Description of the task → Below are records with pictures in them. Output exactly the lines from the one with "[2.5K IP67 Rear" through the one with "И по поводу", both included, and leave every picture out; give only those lines.

Exercise materials →
::::::::
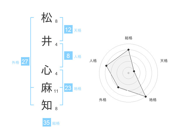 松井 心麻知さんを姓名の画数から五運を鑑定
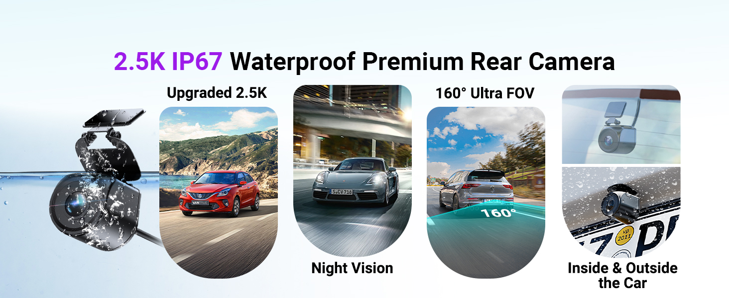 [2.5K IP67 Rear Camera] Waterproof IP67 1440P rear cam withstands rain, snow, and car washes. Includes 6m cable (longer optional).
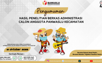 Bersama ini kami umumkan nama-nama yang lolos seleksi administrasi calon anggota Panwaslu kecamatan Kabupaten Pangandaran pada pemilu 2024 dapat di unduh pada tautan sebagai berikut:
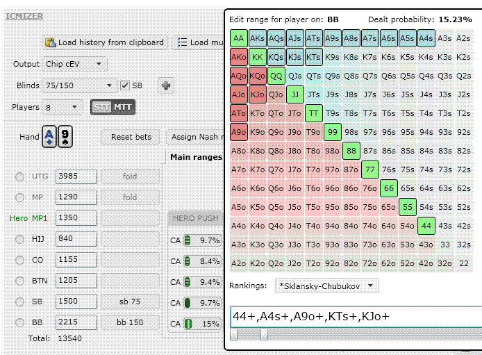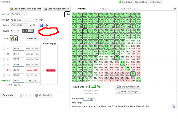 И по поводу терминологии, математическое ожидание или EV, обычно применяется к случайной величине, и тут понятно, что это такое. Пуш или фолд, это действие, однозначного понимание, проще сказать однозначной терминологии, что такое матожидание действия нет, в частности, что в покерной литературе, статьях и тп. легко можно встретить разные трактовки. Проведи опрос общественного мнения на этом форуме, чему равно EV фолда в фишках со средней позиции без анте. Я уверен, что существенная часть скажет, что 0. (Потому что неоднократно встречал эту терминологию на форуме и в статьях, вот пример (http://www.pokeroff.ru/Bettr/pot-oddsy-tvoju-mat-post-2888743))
::::::::
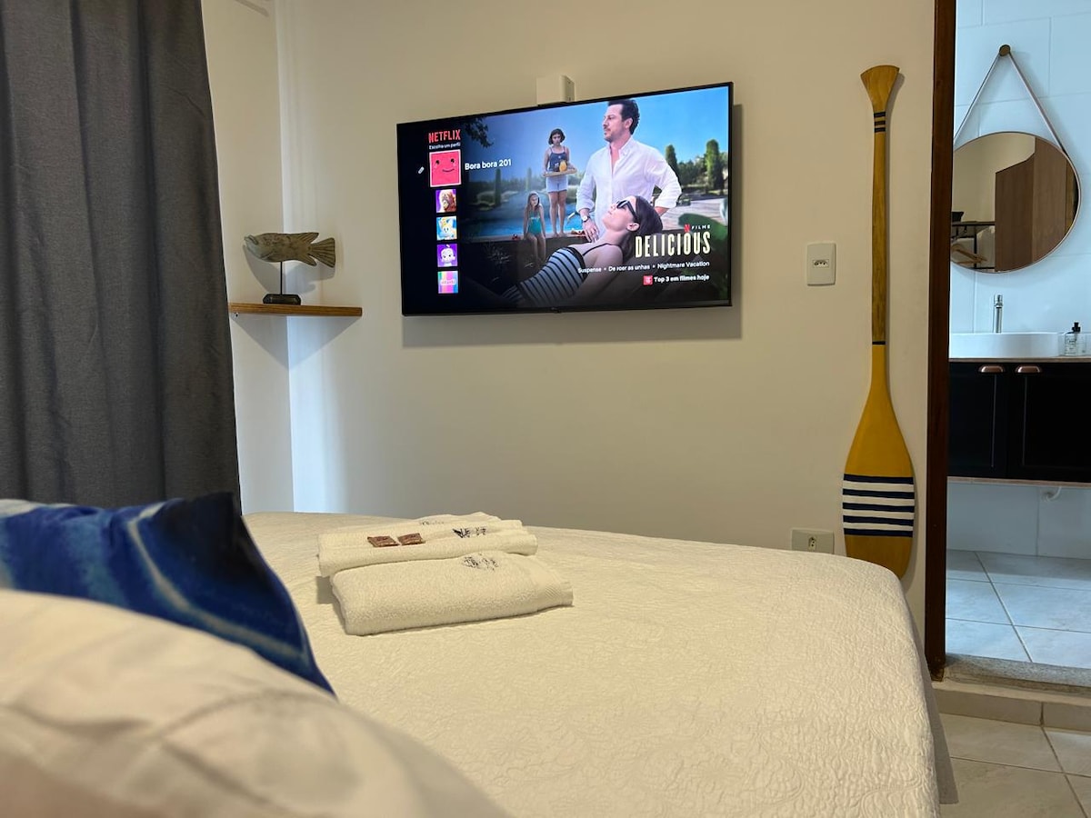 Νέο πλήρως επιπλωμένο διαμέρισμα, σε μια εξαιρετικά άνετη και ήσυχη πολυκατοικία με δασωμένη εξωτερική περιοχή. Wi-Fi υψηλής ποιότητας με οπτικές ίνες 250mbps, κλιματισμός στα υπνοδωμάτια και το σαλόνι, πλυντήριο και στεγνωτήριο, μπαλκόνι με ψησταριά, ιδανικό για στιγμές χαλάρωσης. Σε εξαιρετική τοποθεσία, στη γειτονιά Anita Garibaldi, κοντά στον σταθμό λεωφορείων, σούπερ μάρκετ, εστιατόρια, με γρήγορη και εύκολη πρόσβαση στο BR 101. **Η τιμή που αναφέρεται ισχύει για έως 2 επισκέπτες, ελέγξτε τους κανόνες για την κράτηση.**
::::::::
Solution to the exercise →
 [2.5K IP67 Rear Camera] Waterproof IP67 1440P rear cam withstands rain, snow, and car washes. Includes 6m cable (longer optional).
 Bersama ini kami umumkan nama-nama yang lolos seleksi administrasi calon anggota Panwaslu kecamatan Kabupaten Pangandaran pada pemilu 2024 dapat di unduh pada tautan sebagai berikut:
 И по поводу терминологии, математическое ожидание или EV, обычно применяется к случайной величине, и тут понятно, что это такое. Пуш или фолд, это действие, однозначного понимание, проще сказать однозначной терминологии, что такое матожидание действия нет, в частности, что в покерной литературе, статьях и тп. легко можно встретить разные трактовки. Проведи опрос общественного мнения на этом форуме, чему равно EV фолда в фишках со средней позиции без анте. Я уверен, что существенная часть скажет, что 0. (Потому что неоднократно встречал эту терминологию на форуме и в статьях, вот пример (http://www.pokeroff.ru/Bettr/pot-oddsy-tvoju-mat-post-2888743))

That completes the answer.